Они прибыли на вокзал вовремя. Александр проводил Курбатову до вагона.
— Я вас очень прошу не забыть о письме. Это моя последняя надежда. Вот моя визитка.
— Завтра же утром позвоню вам, Елена Борисовна, и сообщу все, что нужно. И желаю удачи!
— И я вам! Вы хороший человек. Настоящий! Это сразу видно.
Поезд тронулся, Саша побрел по перрону. М-да. Интересно, кто-нибудь в этой стране знает, как живет наука? Как она выживает? Это, вообще, кому-нибудь интересно?
И что затеял наш Литвинов? То эмбриональные клетки ему претят, как правоверному иудею некошерная пища. А то вдруг оказывается, что он сам что-то с ними делает. Вакцину?
В том, что Елена Борисовна, псевдо-Раневская, рассказала правду, он не сомневался. Такие не врут. Разве что начальству по мелочам. Все равно. Странно все это… Зачем делать вакцину, которая не эффективна? А если эта вакцина — прикрытие для чего-либо другого? Если Литвинов воспользовался для своей работы чужой вакциной, он вполне мог воспользоваться и чужой технологией. Технологией Нестерова! Говорил же Анатолий Иванович, что вместе с партией препарата они передают «контролерам» и соответствующую документацию — всякие там инструкции по изготовлению препарата. Имея в руках технологию получения «стволовых клеток», используя эмбриональные клетки человека как бы для создания вакцины, Литвинов может делать свой препарат! А откуда он берет эмбриональную ткань? Руденко! Она же у нас где работает? В акушерско-гинекологической клинике! Вот кто поставщик эмбрионов…
Все сходится! С этим нужно будет срочно разбираться!
Турецкий увидел стрелки вокзальных часов.
Черт! Он опять опоздал к Насте! Да что же это такое? Что за работа проклятая?
Ладно, Турецкий, не пеняй на зеркало. Это ты сам такой: как только появляется какая-то новая ниточка, новый след, ведущий к разгадке тайны, — ты забываешь обо всем и несешься, как взявшая след гончая.

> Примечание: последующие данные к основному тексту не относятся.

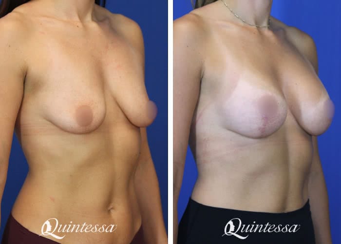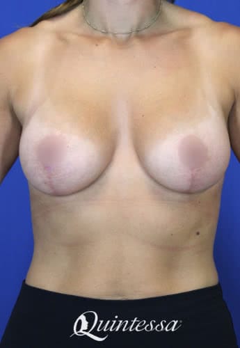 This patient desired more upper pole fullness and participated in an active lifestyle. She received a bilateral dual plane breast augmentation with 275 cc moderate profile Natrelle Soft Touch silicone implants and a bilateral mastopexy. Age: 38 Height: 5’8″ Weight: 150 lbs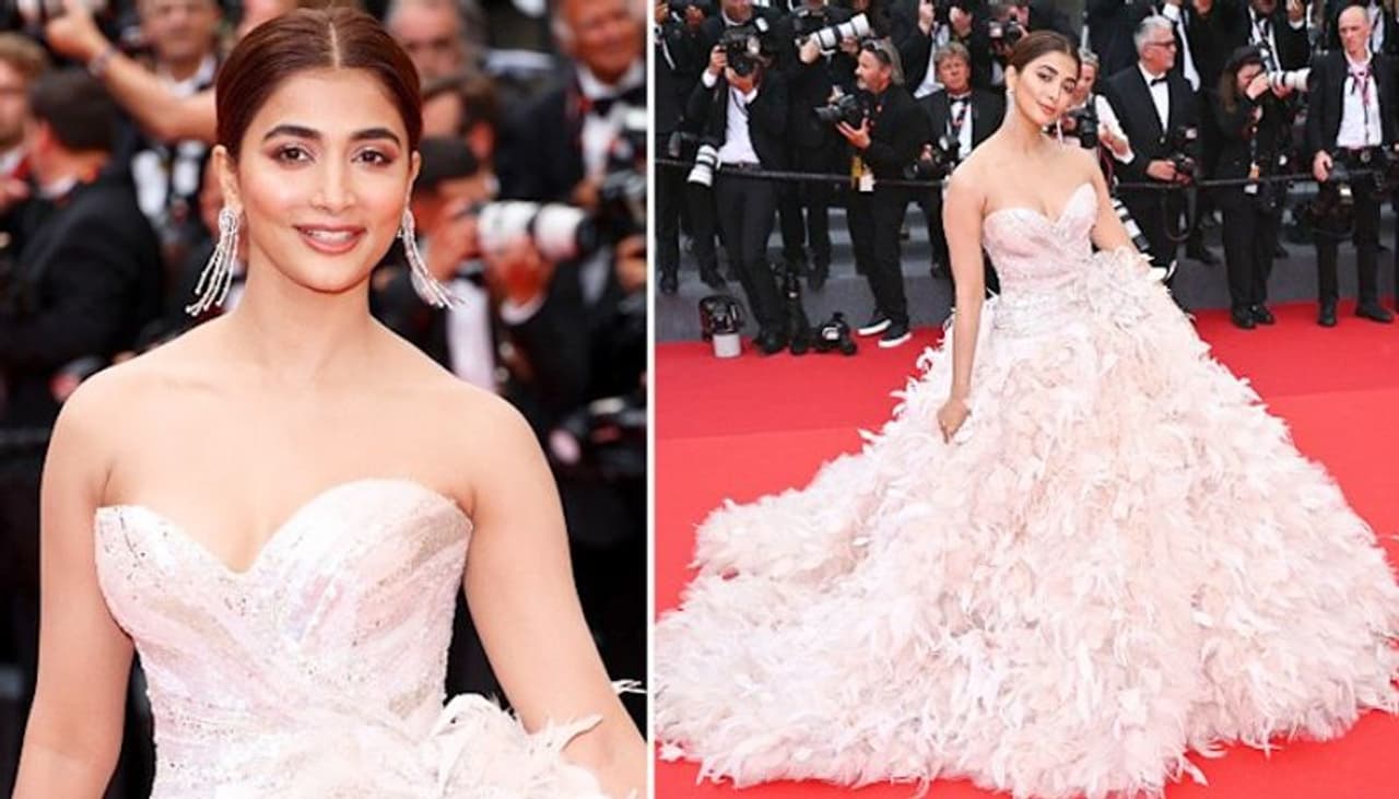 Pooja Hegde dons feathery strapless pink gown at Cannes 2022; see pictures

Это ты выбрал себе такую работу, потому что именно такая тебе и нужна.
Ирина это всегда понимала. А вот Настя не понимает…
Он набрал номер ее мобильного, услышал голос, пробивавшийся сквозь шум какой-то тусовки.
— Настя! Это я! Ты извини, я задержался.
— Задержался? Ха-ха… На весь вечер?
— Где ты? Я подъеду и все объясню.
— Не нужно. Я в гостях. Приду очень поздно.
— А завтра?
— Завтра я работаю.
Она отключила трубку.
Он зашел в привокзальное кафе, выпил рюмку коньяку. Ладно, заеду завтра вечером в ее «Голливудские ночи». Давно собирался. Встану на колени, попрошу прощения.
Турецкий поймал себя на том, что не очень расстроился из-за сорвавшегося свидания. Что это? Путь к выздоровлению?
Вот что, поеду-ка я домой. То-то Ирина удивится. И может быть, даже обрадуется.
А версию с подпольным производством нужно начать разрабатывать немедленно!